In other states, the law requires courts to split the community property "equitably" - which means fairly, but not necessarily exactly equally. Factors the court will consider include the length of the marriage, the work history and job prospects of each spouse, the physical and mental health condition of each spouse, the source of each asset and the childrens expenses, if any.

Dividing Community Property

In some states that have community property laws, all property that is acquired during the marriage is presumed to be community property. If one spouse believes that a particular piece of property is his or her separate property, he or she must prove to the court that the property was a gift to him or her personally, or was purchased with funds that he or she had before the marriage or money that he or she inherited during the marriage. Even then, if the separate property was "co-mingled" with the community property, it may be considered community property.

For example, if someone inherits money from a deceased relative and deposits it in a joint bank account, all or part of the inheritance may become community property.

It is extremely important to gather as much information as possible about your assets at the beginning of the divorce proceeding. If you believe that some property should be treated as your separate property, assume that you will have to prove to a judge why that asset is yours and not community property.
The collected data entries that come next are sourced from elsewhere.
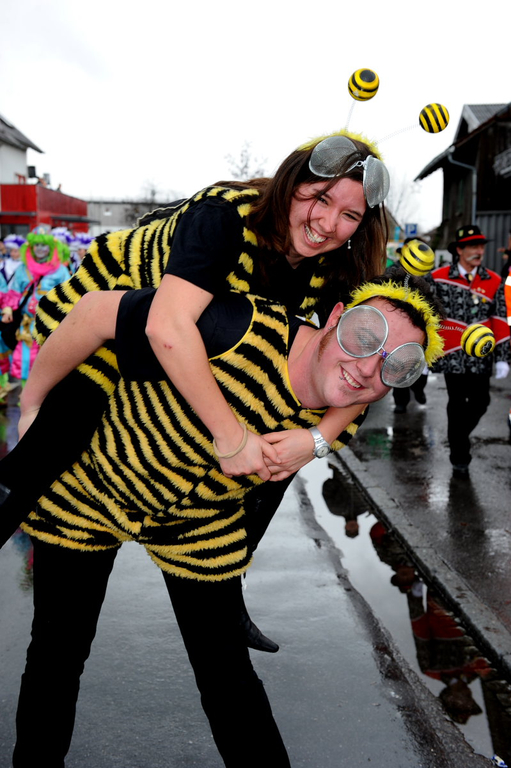 Zwei Bienen im winterlichen Höhenflug.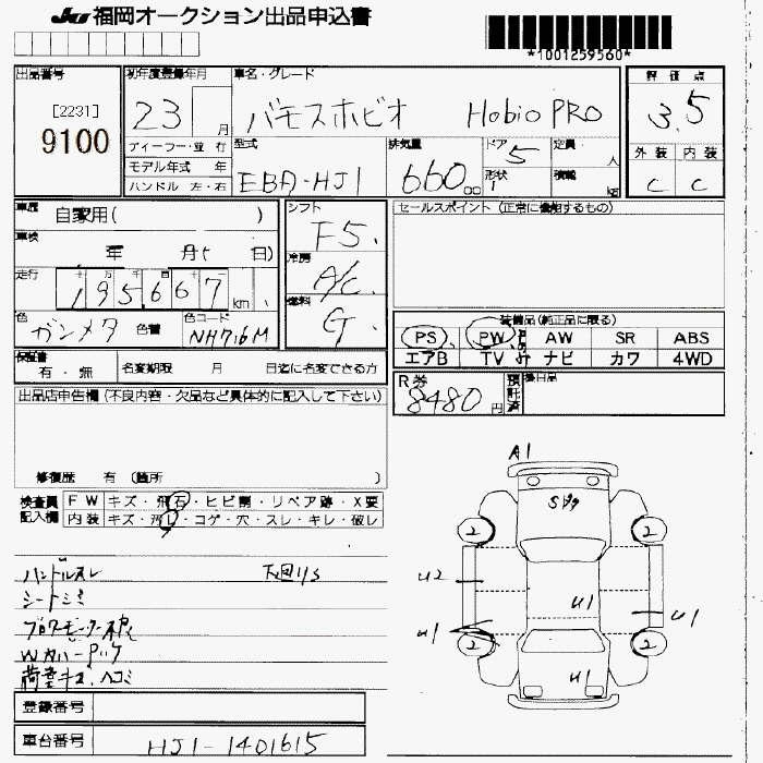 Статус не продан Лот 9100 Аукцион JU Fukuoka Дата аукциона 23.01.2026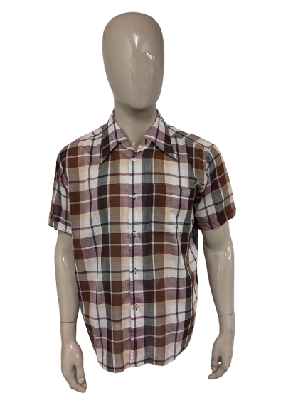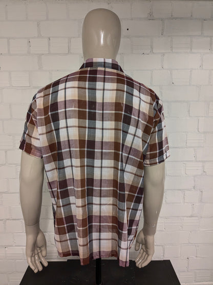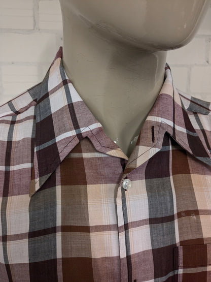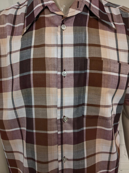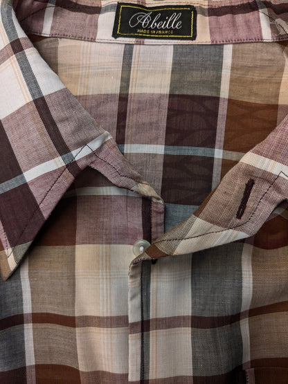 Camisa de Abeille de los 70 años con cuello puntual y manga corta. Burdeos Beige Brown marcado. Tamaño xl.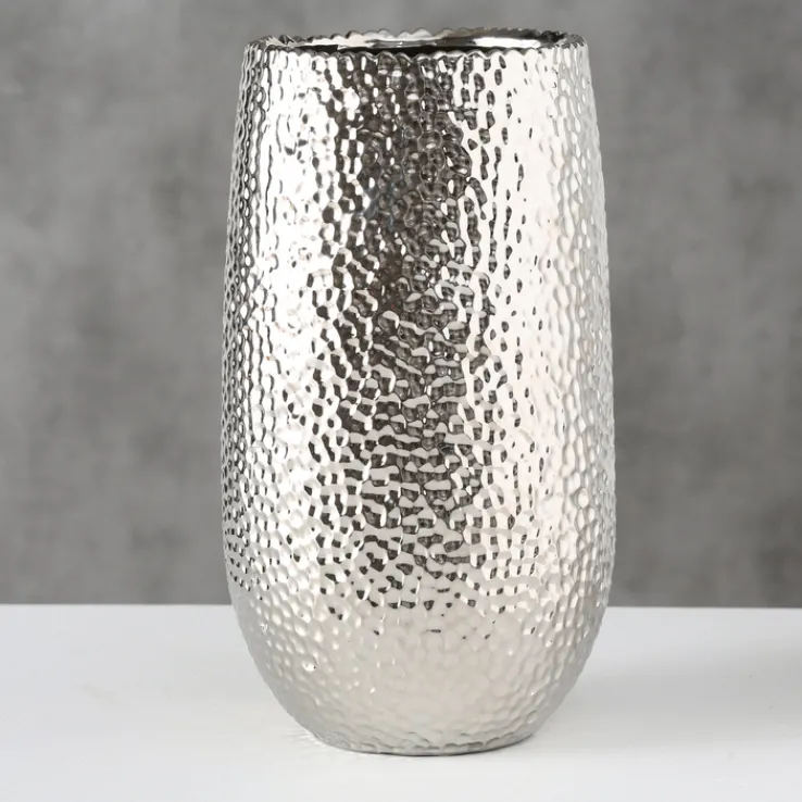 Womit die Vase sofort neugierige Blicke erntet, ist ihre ungewöhnlich strukturierte Oberfläche. Wird sie beleuchtet, entsteht eine besonders ansprechende Optik. Zugleich ist die Vase dank ihrer Silberfarbe optisch nicht zu dominant, sodass die Blumenpracht wunderbar zur Geltung kommen kann. Ob auf dem Esstisch, auf einer Kommode oder im Regal: Die Keramikvase fügt sich überall problemlos ein und verleiht dem Zuhause neuen Glanz. Wer eine einheitliche Optik mag, kann natürlich gerne mehrere der schönen Vasen kombinieren.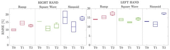 Figure 5 shows the boxplots of the RMSE in each session for both hands. Errors decreased for the “Square Wave” and “Sinusoid” between sessions T0 and T1. However, RMSEs tended to increase again between T1 and T2. Nevertheless, these differences were not statistically significant for the right hand during the three exercises in the three evaluation sessions T0, T1, and T2 (p = 0.63). For the left hand, instead, the Kruskal-Wallis test and multiple comparison analysis with Bonferroni correction [23] revealed that errors executed at session T2 were statistically higher than the errors at session T1 (p = 0.0079). Overall, median RMSEs calculated on the entire evaluation session (i.e., the three waveforms together) were 14.1%, 12.9%, and 13.6% for T0, T1, and T2 for the right hand, as well as 13.7%, 12.8%, and 16.7% for T0, T1, and T2 for the left hand.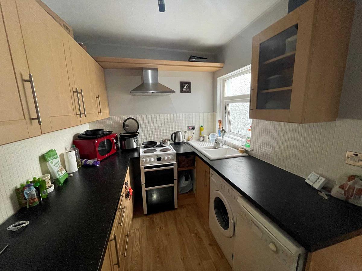 Kitchen with range of high and low level units in Beech finish. Corian black effect work surfaces, double sink, appliances included, part tiled walls, wooden flooring and breakfast bar.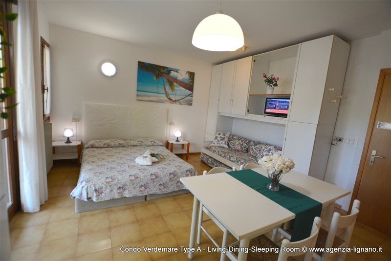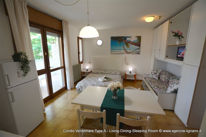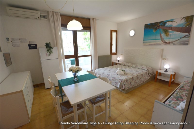 Elégant résidence à quelques pas de la plage et du centre de Lignano Riviera. Dans les environs immédiats sont les principaux magasins d'alimentation, des snacks, pizzerias et des magasins. Non loin se trouve le Riviera Parc, 20.000 mètres carrés de verdure, snack bar, animation et parcours aventure suspendue entre les arbres. Chaque appartement dispose d'un WI-FI GRATUIT, SAFE gratuit, la télévision par satellite et d'un parking numérotée. Le bâtiment dispose d'un jardin, ascenseur et machine a laver commune. Garages disponible à payer. Pour le louer dans l'hors saison, chaque appartement disposée de chauffage à payer. Type A: studio avec 1 lit double et 1 canapé-lit double, kitchenette avec micro-ondes, salle de bains avec douche, grande terrasse avec table et chaises. Climatisation. Videoclip

Once the court has made its decisions about division of property, be sure to get everything you need from your former spouse as soon as possible. For example, if you will be keeping a piece of real estate, make sure your spouse signs a deed giving his or her interest in that property to you. Or, if you will be keeping a car that is in both spouses names, make sure your former spouse signs the title transferring full ownership to you. The judges written order is not enough to transfer clear legal title. Making sure you have completed the transfers of all assets that have a deed or title will avoid problems later if you decide to sell or refinance the property.